On my travels yesterday I popped into Lidl ( wrong end of town so wouldn't usually shop there). Eventually found the "famous" rolls. Hadn't realised they were freshly baked, smelt delicious, bought four. Made a ham and cheese butty, loved it but was stuffed! I am going to halve them and freeze them. I can't believe they are only 8.5 grms of carbs. I might be dumping the ol' Burgen!


----------



## Stitch147 (Jun 17, 2016)

They are rather tasty, arent they. They are lovely wamred up for a few seconds in the microwave, I tend to have them mainly in the winter with some homemade butternut squash soup.


----------



## Ljc (Jun 17, 2016)

Sadly I don't have a lidl near me, but we may be getting one sometime in the future.


----------



## Stitch147 (Jun 17, 2016)

Mines about 30 mins walk from my house (so not too bad). I stock up and freeze them whenever i'm down there.


----------



## pottersusan (Jun 17, 2016)

I've just discovered and tried Waitrose Wheat & Wholemeal Spelt Sliced Bread with a variety of seeds. For breakfast it has less effect on me than Burgen and is a nice change


----------



## eggyg (Jun 17, 2016)

pottersusan said:


> I've just discovered and tried Waitrose Wheat & Wholemeal Spelt Sliced Bread with a variety of seeds. For breakfast it has less effect on me than Burgen and is a nice change


My nearest Waitrose is about 30 miles away, so unfortunately won't get a chance to try but sounds delicious!


----------



## chili (Jun 17, 2016)

Lidl rolls are my favorite i take one a day to work with tuna or ham, they go real quick in our store thankfully though they are made all day.


----------



## AndBreathe (Jun 17, 2016)

eggyg said:


> On my travels yesterday I popped into Lidl ( wrong end of town so wouldn't usually shop there). Eventually found the "famous" rolls. Hadn't realised they were freshly baked, smelt delicious, bought four. Made a ham and cheese butty, loved it but was stuffed! I am going to halve them and freeze them. I can't believe they are only 8.5 grms of carbs. I might be dumping the ol' Burgen!
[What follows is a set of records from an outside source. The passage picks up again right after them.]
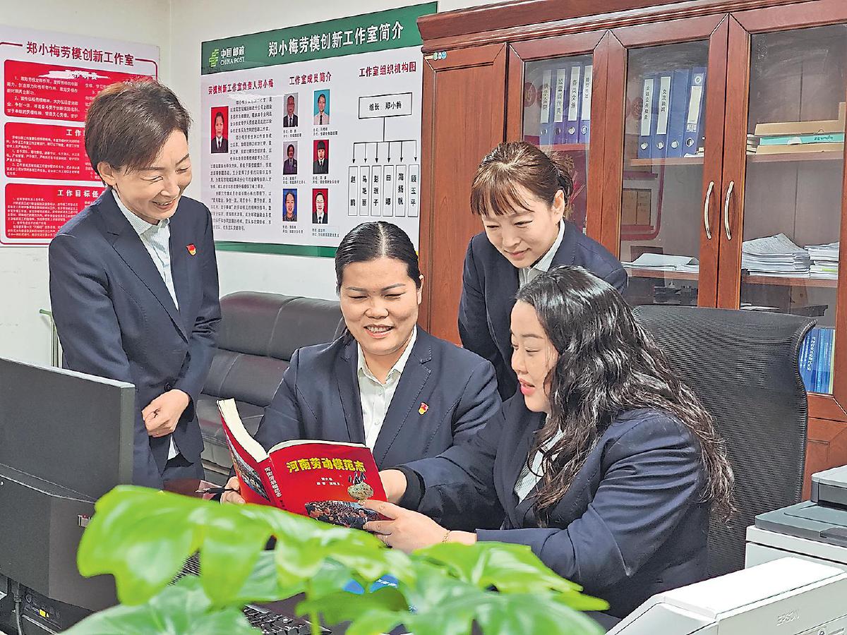 郑小梅(左二)与劳模创新工作室成员交流学习。
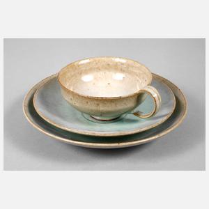 1940er Jahre, Prägemarke, dazu ein unleserliches Zeichen, ziegelroter Scherben, Glasur in Seladongrün, grüngrau und bräunlich gesprenkelt, guter unbeschädigter Zustand, D max. 17 cm. Künstlerinfo: geboren 1905 in Keula/Thürigen, Ausbildung bei Kurt Feuerriegel in Frohburg, Bunzlau und auf der Burg Giebichenstein unter Marguerite Friedländer, Gerhard Marcks und Franz Wildenhain, Goldmedaille bei der Weltausstellung in Paris, verschiedene weitere Preise. Quelle: Gisela Reineking von Bock, Keramik des 20. Jh. Deutschland, Keysersche Verlagsbuchhandlung München 1997.
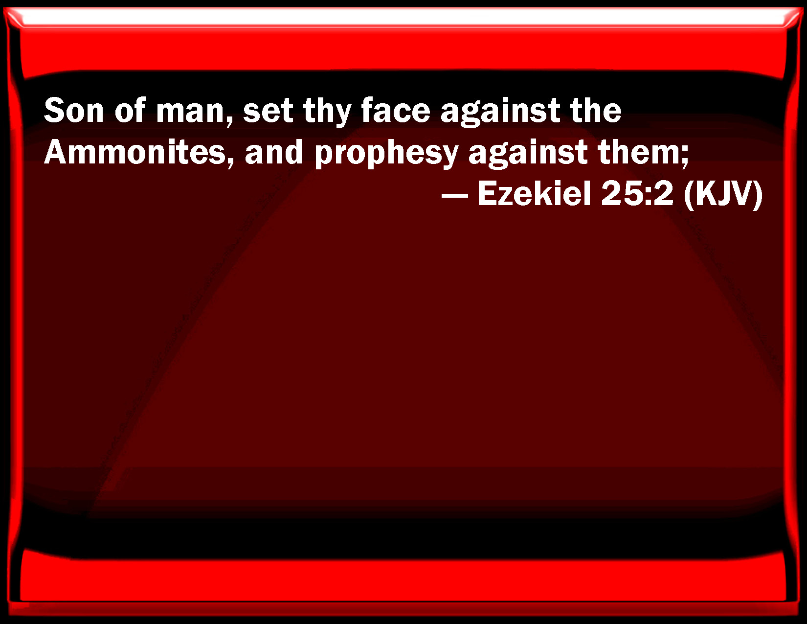 Bible Verse Slide Ezekiel 25:2 Son of man, set your face against the Ammonites, and prophesy against them; KJV: Son of man, set thy face against the Ammonites, and prophesy against them; DRB: Son of man, set thy face against the children of Ammon, and thou shalt prophesy of them. DBT: Son of man, set thy face against the children of Ammon, and prophesy against them; ERV: Son of man, set thy face toward the children of Ammon, and prophesy against them: WBT: Son of man, set thy face against the Ammonites, and prophesy against them; WEB: Son of man, set your face toward the children of Ammon, and prophesy against them: YLT: 'Son of man, set thy face unto the sons of Ammon, and prophesy against them;Links Ezekiel 25:2 NIV • Ezekiel 25:2 NLT • Ezekiel 25:2 ESV • Ezekiel 25:2 NASB • Ezekiel 25:2 KJV • Ezekiel 25:2 Interlinear • Ezekiel 25:2 Commentaries • Ezekiel 25:2 Parallel Texts • Ezekiel 25:2 Bible Apps • Ezekiel 25:2 Parallel • Bible Hub |
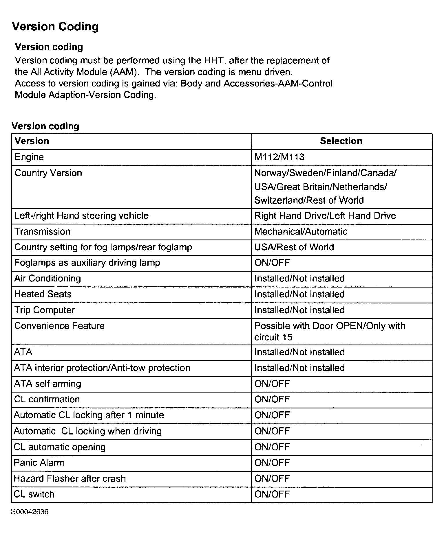 After replacement of All Activity Module (AAM)(N10), Hand Held Tester (HHT) must be used in order to version code AAM. The version coding is menu driven. See Fig 1 .

I rarely have the rolls, but I think, from memory they're actually 8.5gr per 100gr, with each roll weighing slightly more than 100gr, so it's actually about 11gr per roll.  For me, that doesn't make a massive difference, but it might for some folks.


----------



## eggyg (Jun 17, 2016)

AndBreathe said:


> I rarely have the rolls, but I think, from memory they're actually 8.5gr per 100gr, with each roll weighing slightly more than 100gr, so it's actually about 11gr per roll.  For me, that doesn't make a massive difference, but it might for some folks.


I actually weighed a one last night because I thought they would be heavier, exactly 100 grms, mind you my scales are probably 30 years old! Still good at 11grms. though.


----------



## Carolg (Jun 17, 2016)

Stitch147 said:


> They are rather tasty, arent they. They are lovely wamred up for a few seconds in the microwave, I tend to have them mainly in the winter with some homemade butternut squash soup.


Mmm


----------



## Carolg (Jun 17, 2016)

Last time I had one I felt Like I had the metformin miseries, 
but keep meaning to try again. Addicted to the low gi multi seed cob though. Mmmmm


----------



## Austin Mini (Jun 17, 2016)

I found you had to chew a lot. Not for me I am sticking with crusty rolls.


----------